I’m not talking about indiscreet photos or that rant about your boss that you incautiously posted on your blog. I’m talking about the times when you want to put long documents onto your website.
There are plenty of good reasons for including large amounts of information on your website. Making some of your webpages go on for 8,000 words won’t always be the most effective method of delivering that data.
Here are some alternatives.
PDF downloads
The most obvious option is to include a PDF document to download.
A simple link works fine, and can be the best choice when you have lots of documents. The site in the screenshot above serves as a repository for documents that provide sources for news and research. Hundreds of documents are stored in the website, and visitors can expect to find the documents mentioned in just this kind of link. Most readers won’t choose to download these documents, but researchers will find them easily.
A middle path makes sense for forms and other documents which you want to make easy to find but not eye catching. Putting a Forms tab in the main navigation, placing the form as a link in a consistent place with some graphic element (in the example above, it’s just the color, but we often use a button instead) will do the job. In some of these cases, the PDFs are gated so readers can get them only if they’re willing to swap contact information.
Of course, this also works when you’re selling digital products, as in the example above.
Subpages
Sometimes you want the SEO advantage of a web page full of relevant keywords. PDF files are more searchable than they used to be, but they still don’t give your site that advantage. In such a case, it makes sense to include the long document in the form of a web page, but to make them sub-pages rather than putting them into the main navigation.

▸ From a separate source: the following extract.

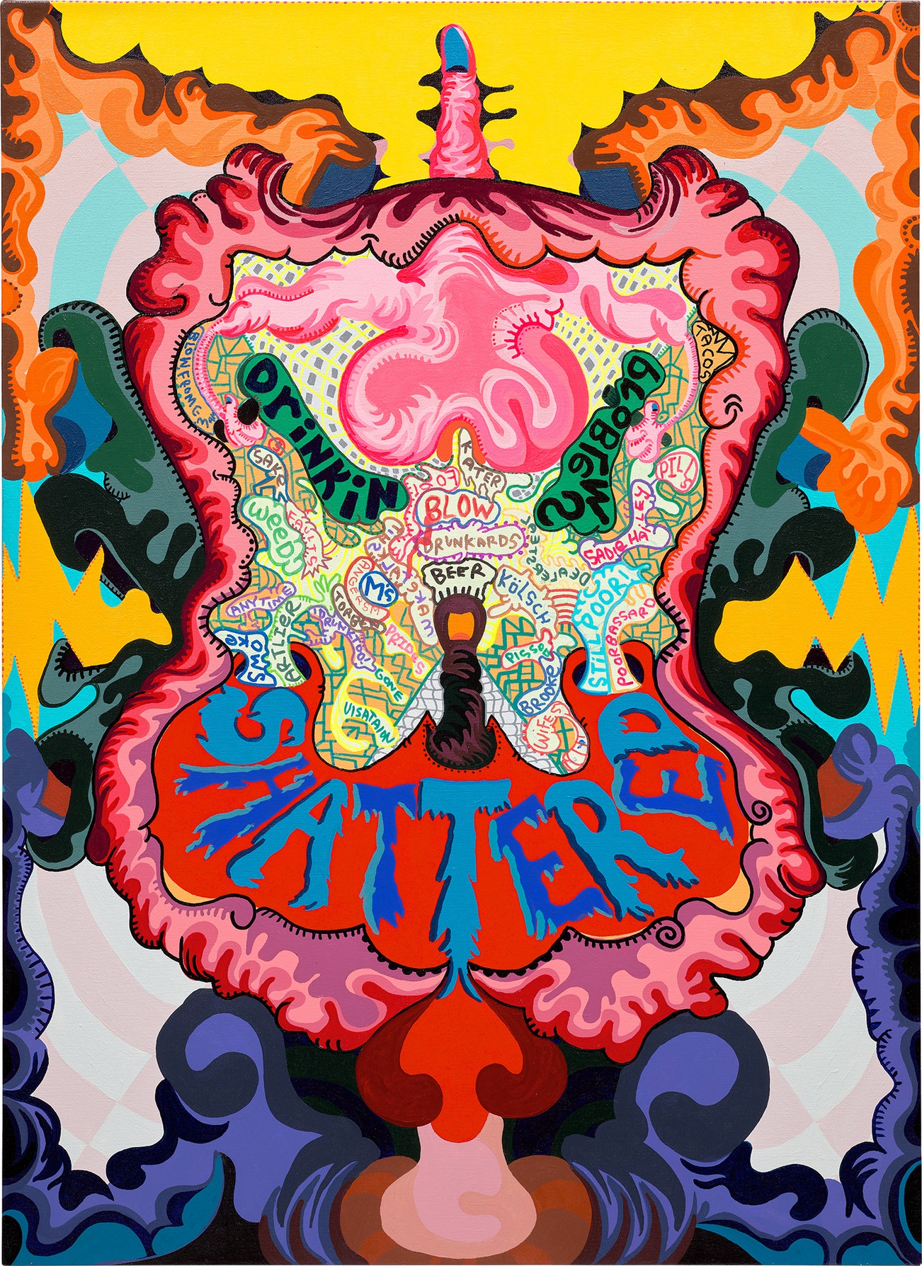 signed, titled and dated ""SHATTERED" Erik Parker. 2002 ERIK PARKER" on the overlap

That way, people who are interested in the Rate Sheet, class list, machine part details or what have you can click on them and go right to them, but the information-dense pages aren’t a distraction to people browsing the site.
It makes sense in some cases to put the link to a subpage on a specific parent page rather than in the main navigation. People may still find this page through search, but you can also use this approach to craft a specific path to purchase that will work well for your target audience.
Embeds
We embed videos, maps, and even calls to action with iframes.
This is not the approach to take when you want the SEO advantages for your website, but sometimes you have other goals with lengthy documents. You might choose to embed a Google spreadsheet into a document, or a data visualization from the Pew Center (to benefit from data updates) or a WordPressed article you want to make available to your readers without copyright concerns.
These are special cases, but sometimes this is exactly the right thing to do.
Consider your goals for search, the needs of your visitors, and the overall look you want when deciding among the options available to you.